Creo que Guiamet, Sietecase, Prieto, Taborda, Bondaz, Aguirre, Helder o Previgliano (por citar sólo algunos nombres) suscribirían lo que digo sin vacilaciones. Con las diferencias que teníamos y acaso aún tengamos, me animo a decir que todos encontramos en nuestros predecesores inmediatos —los poetas de la generación del setenta— interlocución y generosidad, posibles espejos donde mirarnos.
Para sintetizar el derrotero de estos “veteranos” existen dos nombres emblemáticos, el de las ya legendarias revistas que los nuclearon: el lagrimal trifurca (así, en vallejeanas minúsculas) de los Gandolfo, D’Anna, Diz y Wolpin, La Cachimba de Isaías, Colussi, Pidello, García Brarda, Piccioni. En mi caso, el contacto personal de varios de ellos con mi padre me posibilitó leerlos desde la más temprana infancia: todavía me acuerdo de mí mismo leyendo sobre las baldosas del gran patio de la casa de Arroyito un poema del Turco Isaías publicado originalmente en una plaqueta. Ese poema sigue siendo uno de los que más me gustan de Isaías: Marmairé, o los otoños insurgentes.
¿Cuál era el secreto de estos tipos, que lograron resumir el espíritu de sus mejores predecesores y proyectarlo hacia el futuro, que por entonces éramos sólo nosotros pero ahora incluye a muchos más?
¿Qué les permitió dejar de lado retóricas gastadas y renovar la poesía rosarina a partir de una obstinada vocación de diálogo?

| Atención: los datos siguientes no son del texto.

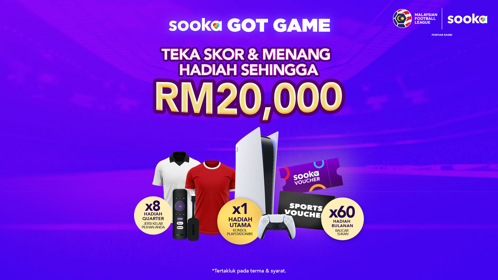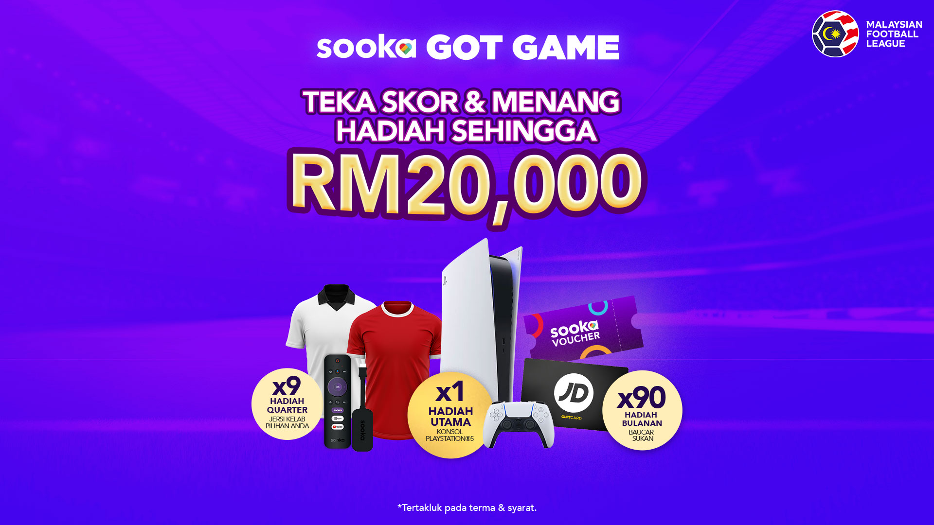 Hadiah bulanan: Voucher sooka Premium 1 bulan bernilai RM 50 dan Voucher JD Sport bernilai RM 100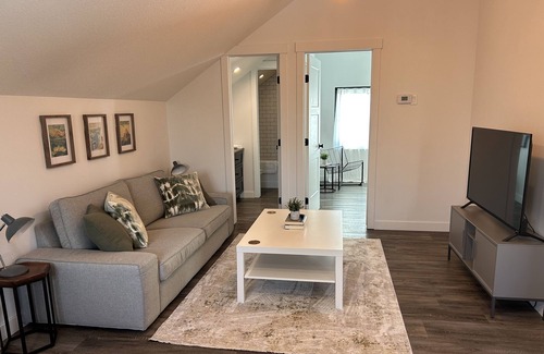 Cozy farmhouse loft located in the quaint Village of Spring Lake with lake access. Lake views from kitchen window. One bedroom, one bathroom with living room and full kitchen on second floor. Separate, private entrance. One queen bed in bedroom as well as 2 twin blow up air mattresses for children. Board games, card games and toys. Discovery + on 50” smart TV and free wifi. Paddle boards available for use on Spring Lake as well as bicycles to bike around the Spring Lake roads and trails. Lots of walking trails as well as pickle ball court, basketball court in the summer and skating rink in the winter at the Spring Lake Village office. Four playgrounds around the lake. Ice cream/candy store within biking distance during the summer months. Local attractions such as distillery, yoga studio and golf course. All amenities with 12 minute drive.

Mientras enciende con fervor un cigarrillo, Eduardo D’Anna —quien tendrá a cargo la conferencia inaugural del Festival, “La belleza de lo cercano y de lo lejano. Poesía rosarina de los años 70”, y que es de todos ellos quien más ha abordado la poesía en el rol de crítico e historiador de la literatura rosarina— intenta descifrar el enigma: “A nosotros no nos interesaba el texto, sino el lector —dice—. Nuestros hermanos mayores, por llamarlos de algún modo —estoy hablando de Vila Ortiz, Oliva, Sevlever, Ielpi— eran poetas a quienes yo llamo «demiúrgicos», que no hablaban del mundo sino que creaban uno propio. La mayoría de nosotros —las excepciones son Pidello e Isaías, aunque te parezca increíble— no tenía ese rasgo”.
—¿Por qué Isaías es un poeta “demiúrgico”?

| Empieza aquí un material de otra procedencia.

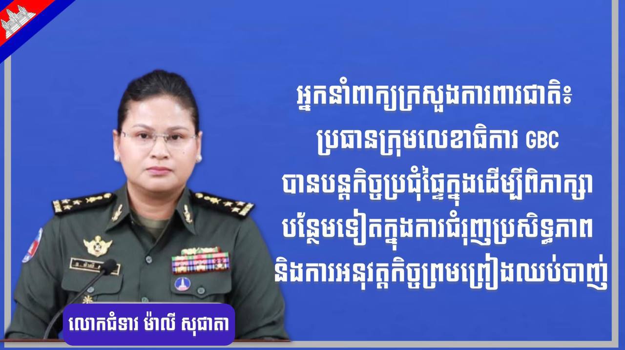 លោកជំទាវឧត្តមសេនីយ៍ឯក ម៉ាលី សុជាតា អ្នកនាំពាក្យក្រសួងការពារជាតិថ្លែងក្នុងសេចក្តីសង្ខេបព័ត៌មានប្រចាំថ្ងៃស្តីពី «លទ្ធផលនៃការអនុវត្តបទឈប់បាញ់រវាងកម្ពុជា-ថៃ» នាវេលាម៉ោង ១១:០០ ព្រឹកថ្ងៃទី០៥ ខែសីហា ឆ្នាំ២០២៥ បានមានប្រសាសន៍ថា ពាក់ព័ន្ធនឹងកិច្ចប្រជុំ GBC ដែលដឹកនាំដោយឧត្តមសេនីយ៍ទោ ស៊ិន សុខា ប្រធានក្រុមលេខាធិការ GBC បានបន្តកិច្ចប្រជុំផ្ទៃក្នុងដើម្បីពិភាក្សាបន្ថែមទៀតក្នុងការជំរុញប្រសិទ្ធិភាព និងភាពជឿជាក់អំពីការអនុវត្តកិច្ចព្រមព្រៀងឈប់បាញ់ និងការកសាងទំនុកចិត្តគ្នាជាមួយភាគីថៃ។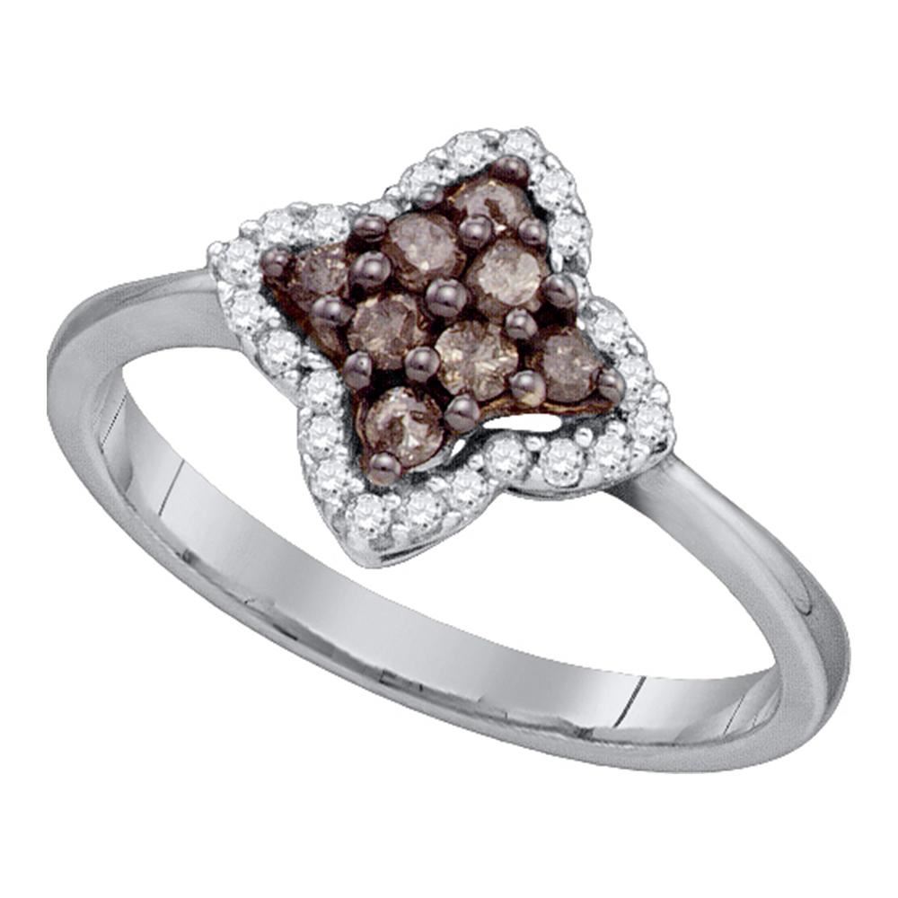 REF-22N4F- SKU: GD75255 ---- 0.33 CTW Cognac-brown Color Diamond Cluster Ring 10KT White Gold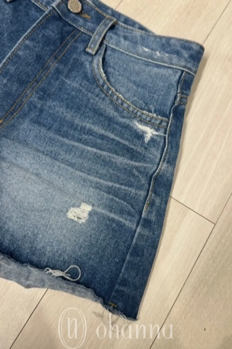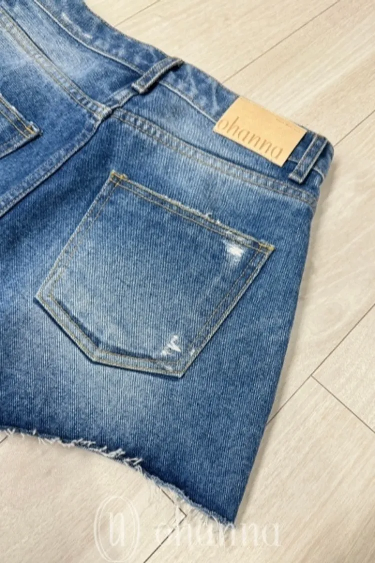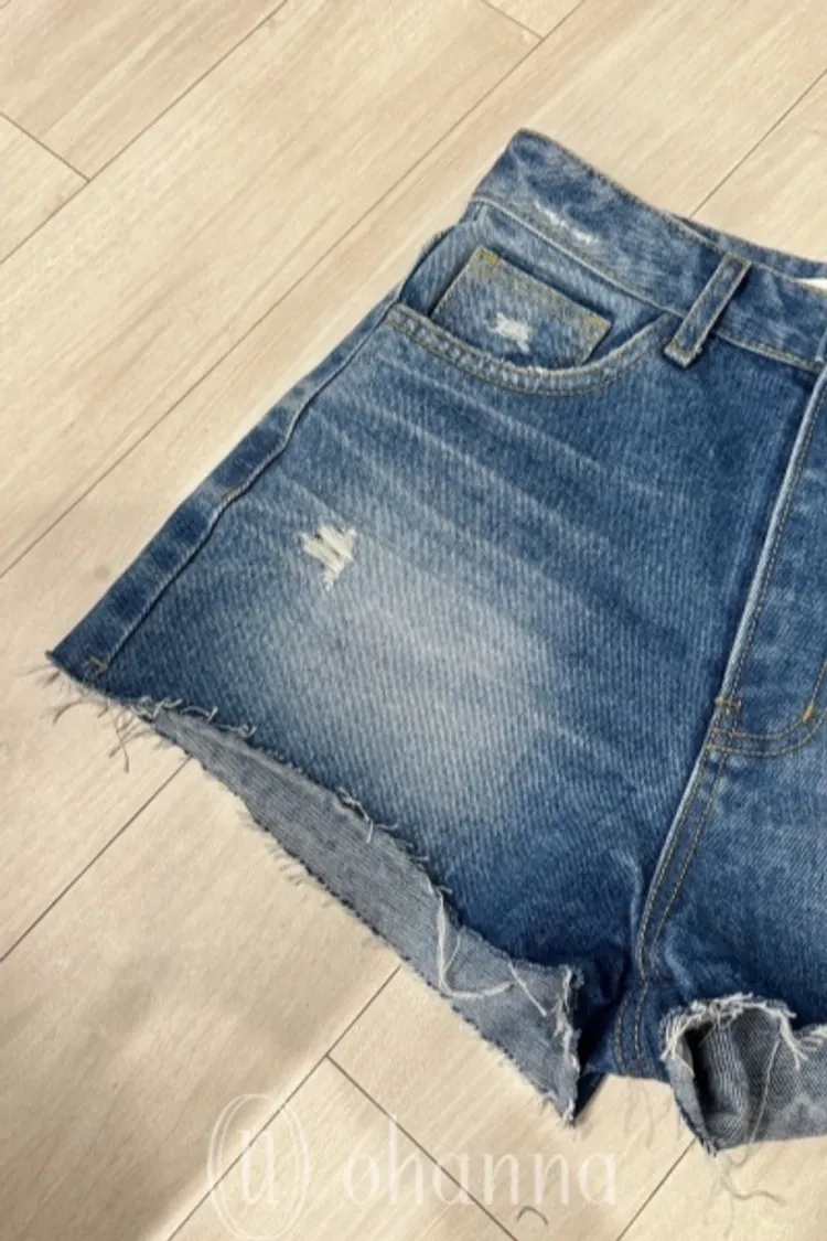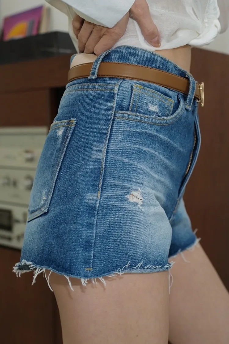 A075(自訂款)藍色刷白不收邊牛仔短褲

—Porque genera un Macondo, que es Los Quirquinchos. Algún ingenuo habitante de esa localidad puede llegar a creer que Isaías habla de Los Quirquinchos, pero en realidad habla de “su” Los Quirquinchos, una realidad que construyó él mismo. Isaías es un poeta de Rosario, que consiguió las claves acá. Y que construyó una epopeya, una epopeya por cierto muy popular. Para nosotros, por otra parte, Pidello era un misterio. Tenía un poema que decía así: “¿Adónde va/ la luna/ de los pájaros?”. Y entonces con Elvio (Gandolfo) nos mirábamos y decíamos: “¿Adónde va... la luna de los pájaros?” (risas). Detrás de Pidello están Vallejo y Gelman, y también Apollinaire y Cendrars. Pero su poesía es una construcción, es demiúrgica.

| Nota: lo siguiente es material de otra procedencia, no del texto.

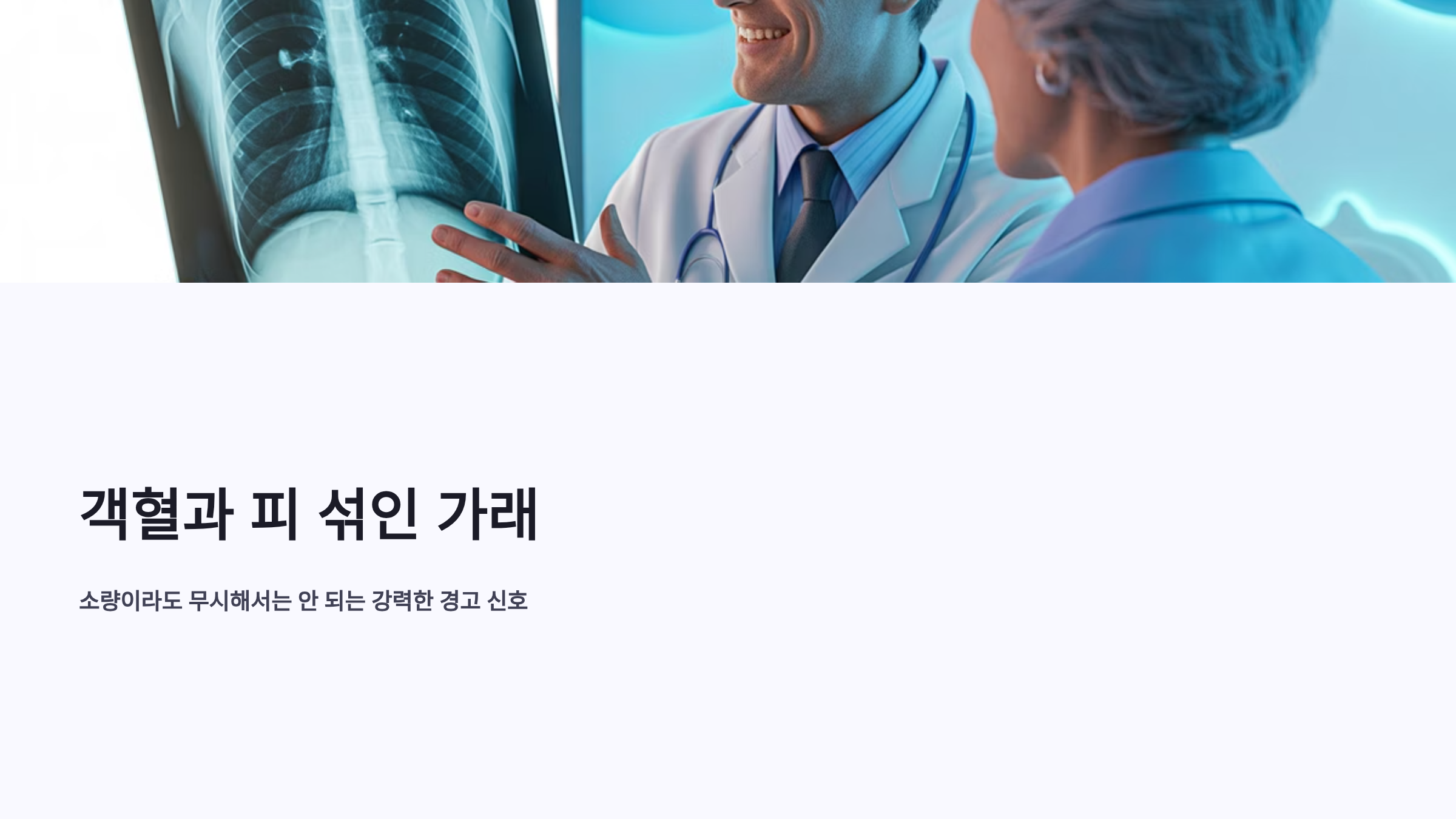 기침과 함께 피가 섞인 가래나 녹슨 색의 가래가 나온다면 폐암의 강력한 신호일 수 있습니다. 객혈은 폐 조직의 손상을 의미하며, 소량이라도 무시해서는 안 됩니다. 이러한 증상은 폐암이 어느 정도 진행되었을 가능성을 시사합니다.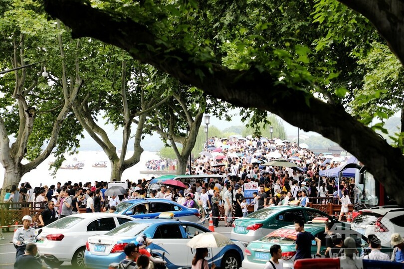 【7月21日 CNS】中国・浙江省(Zhejiang)杭州市(Hangzhou)の景勝地「西湖(West Lake)」で14日、夏休みの旅行のピークを迎え、多くの観光客が押し寄せた。(c)CNS/JCM/AFPBB News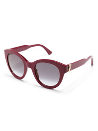 round-frame glasses Imagined in a deep shade of burgundy, these sunglasses sport Cartier's refined taste. They are crafted from acetate with an oversized rounded frame and are highlighted with a signature gold-tone Double C logo plaque at the sides. Highlights - Bordeaux red - Acetate - Round frame - Tinted lenses - Lens decal - Logo plaque at the arm - Straight arms - Curved tips - These glasses come with a protective case. Made in Italy Composition Outer: Acetate 100% SIZE & FIT Measurement Total Width 5.51 in(14 cm) Lens Diameter 1.85 in(4.7 cm) Bridge Width 0.7 in(1.8 cm) Arm Length 5.78 in(14.7 cm)

—¿Y se puede hablar de una característica común entre ustedes?
—Lo primero es que todos usamos un lenguaje muy llano, eso es generacional. Y después, te repito, es que nos interesaba más el lector que el texto, porque nosotros siempre fuimos básicamente lectores, y también espectadores de cine. El lagrimal fue una revista hecha como nosotros hubiéramos querido leer una revista. Si uno escribía es porque leía. ¿Y qué leía? No sólo los grandes clásicos, sino ciencia ficción e historieta.
—Había, entonces, cierta rebeldía.
—Por supuesto: nosotros éramos rebeldes, también en la escuela, y no sólo ante el profesor de educación democrática que intentaba enseñarte que podía haber democracia con proscripciones sino ante el profesor de literatura, que pretendía que vos te pusieras a la altura de Garcilaso. ¡No! ¡Que se ponga él! ¿Qué culpa tengo yo de que haya nacido cuatrocientos años antes? Es culpa de él... En cambio, para los poetas anteriores había que estudiar, aprender, y no era perdonable que no se supiera quién fue Rimbaud o Apollinaire. Y no sólo el poeta, también el lector tenía que saber. Pero en realidad había mucha hipocresía en torno de los que decían “entender” un texto.
—Volvamos sobre la entronización del lector...
—Exacto, entronización: para nosotros el lector era un juez inapelable. Como decía el Negro Fontanarrosa: si el lector dice “me aburrí”, entonces el escritor fracasó. Antes, en cambio, el lector era siempre el que no sabía, el boludo.
—¿Y ustedes tenían conciencia de la “rosarinidad” literaria?
—No teníamos conciencia de nada (risas), excepto del lector.
—¿Y había una noción de antepasados, de predecesores?
—Eso sí. Cuando descubrimos a (Felipe) Aldana nos quedamos mudos: ese era nuestro predecesor. A (Facundo) Marull lo descubrimos más tarde. Pensá que nosotros no teníamos un fundamento teórico. Lo único que teníamos claro era el consumo de una literatura alternativa. En nuestro grupo era concebible que alguien dijera “leí el Quijote y me aburrió”. Ahora todos los poetas son licenciados en letras o doctorados en las pelotas, nada que ver con nosotros. El único universitario en el grupo de el lagrimal era yo, y no lo sentía precisamente como algo positivo.